--- What to work on ---
When you copy the data that follows, reproduce every word exactly and leave out the images.

━━━━━━━━━━━━━━━━━━━━

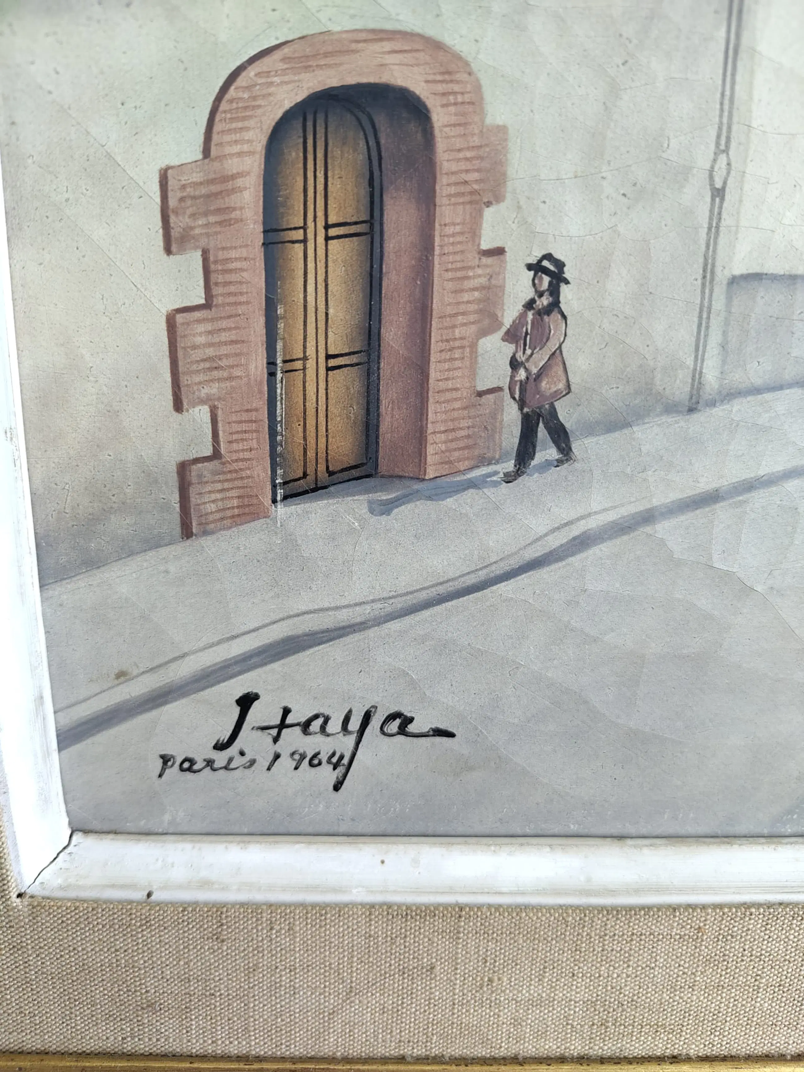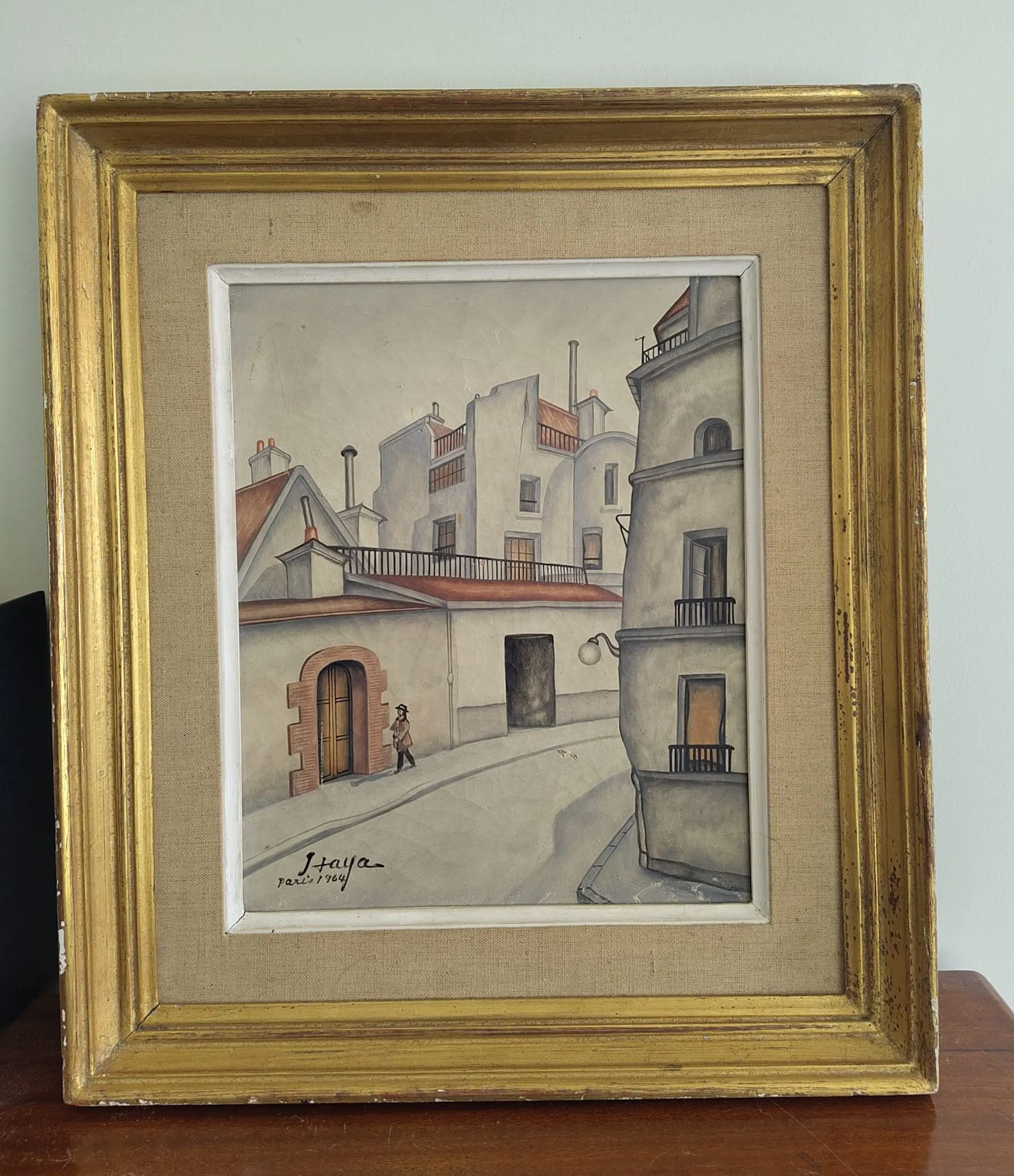 Een Parijse scène, gecreëerd in 1964 door Foussa Itaya, een Frans-Japanse kunstenaar, wiens werk zich onderscheidt door een poëtische en verfijnde benadering van de Parijse architectuur en het stadsleven.
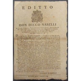 Editto Don Diego Naselli. Sequestro dei beni presi illegalmente durante la Repubblica Romana
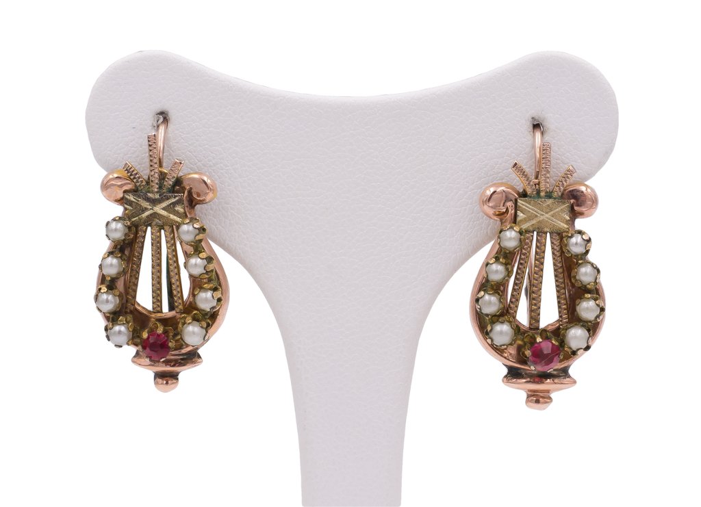 Bourbon Gold, Bead & Red Stone Earrings, 2Nd Half of 19th Century
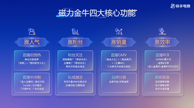 本次活動,快手磁力金牛和快手電商服務商也宣布推出一系列政策,推動常熟女裝商家電商生意增長。作為電商生意的加速器,快手磁力金牛讓商家投流更精準、效率更高、效果更好。在賬號啟動期,商家可借助磁力金牛進行私域起量,并根據(jù)貨盤制定營銷策略;在賬號成長期,商家可依據(jù)S-A-B直播策略模型,使用磁力金牛進行差異化投流、精細化運營;在賬號成熟期,磁力金??梢栽谄沸f(xié)同下進行差異化拓客,引入新流量。
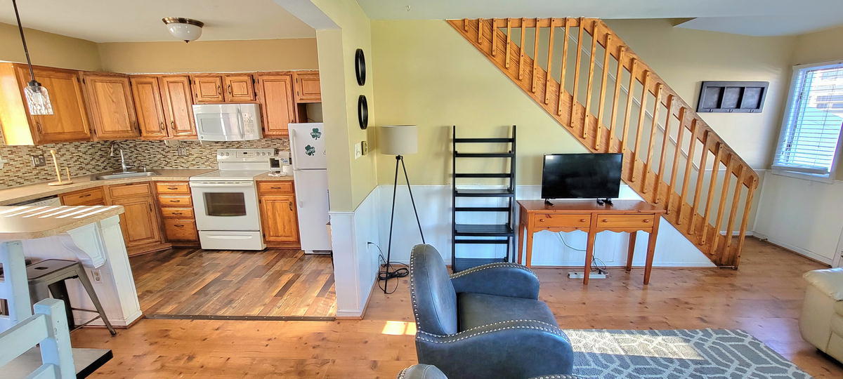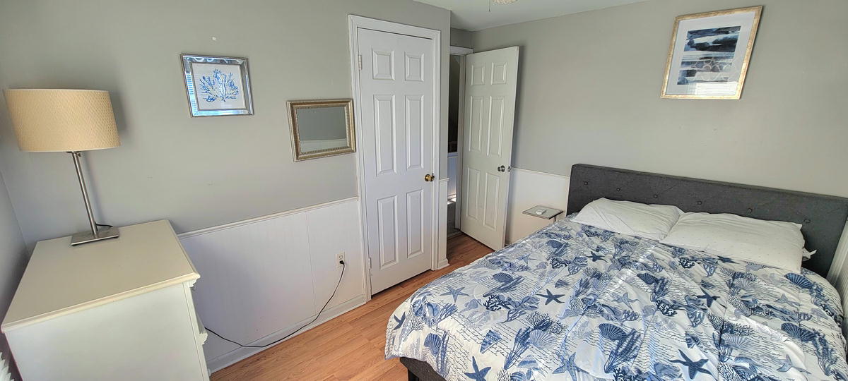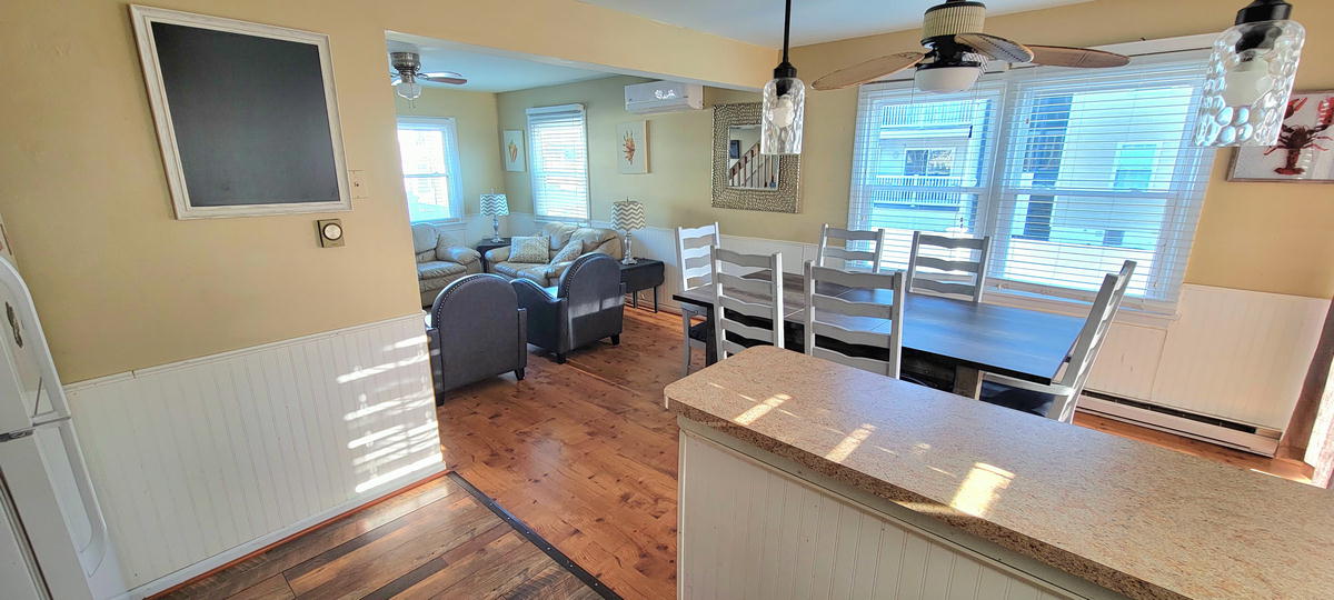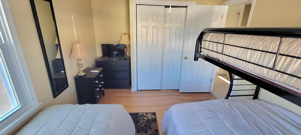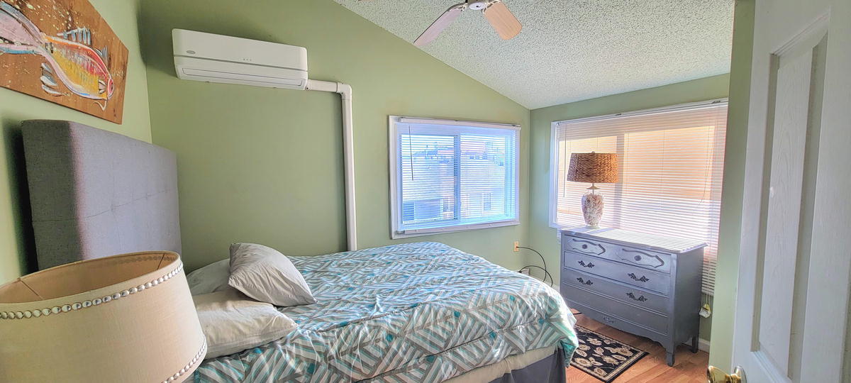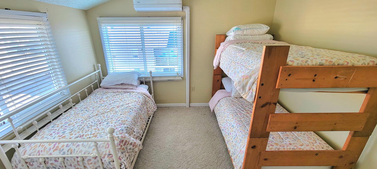 The first floor has hardwood floors throughout.The 2nd floor has 2 bedrooms and a full bathroom. One bedroom with a pyramid bunk (full on bottm and single on top) plus a single bed. Second bedroom with a double bed. The 3rd floor has 2 bedrooms and a full bathroom. Third bedroom with a bunk bed and a single be and fourth bedroom with a queen bed. There are 3 floors to this unit. The air conditoning is mini split units. There is also a queen air mattress.

━━━━━━━━━━━━━━━━━━━━

--- Exercise output ---
 Een Parijse scène, gecreëerd in 1964 door Foussa Itaya, een Frans-Japanse kunstenaar, wiens werk zich onderscheidt door een poëtische en verfijnde benadering van de Parijse architectuur en het stadsleven.
 Editto Don Diego Naselli. Sequestro dei beni presi illegalmente durante la Repubblica Romana
 Bourbon Gold, Bead & Red Stone Earrings, 2Nd Half of 19th Century
 本次活動,快手磁力金牛和快手電商服務商也宣布推出一系列政策,推動常熟女裝商家電商生意增長。作為電商生意的加速器,快手磁力金牛讓商家投流更精準、效率更高、效果更好。在賬號啟動期,商家可借助磁力金牛進行私域起量,并根據(jù)貨盤制定營銷策略;在賬號成長期,商家可依據(jù)S-A-B直播策略模型,使用磁力金牛進行差異化投流、精細化運營;在賬號成熟期,磁力金??梢栽谄沸f(xié)同下進行差異化拓客,引入新流量。
 The first floor has hardwood floors throughout.The 2nd floor has 2 bedrooms and a full bathroom. One bedroom with a pyramid bunk (full on bottm and single on top) plus a single bed. Second bedroom with a double bed. The 3rd floor has 2 bedrooms and a full bathroom. Third bedroom with a bunk bed and a single be and fourth bedroom with a queen bed. There are 3 floors to this unit. The air conditoning is mini split units. There is also a queen air mattress.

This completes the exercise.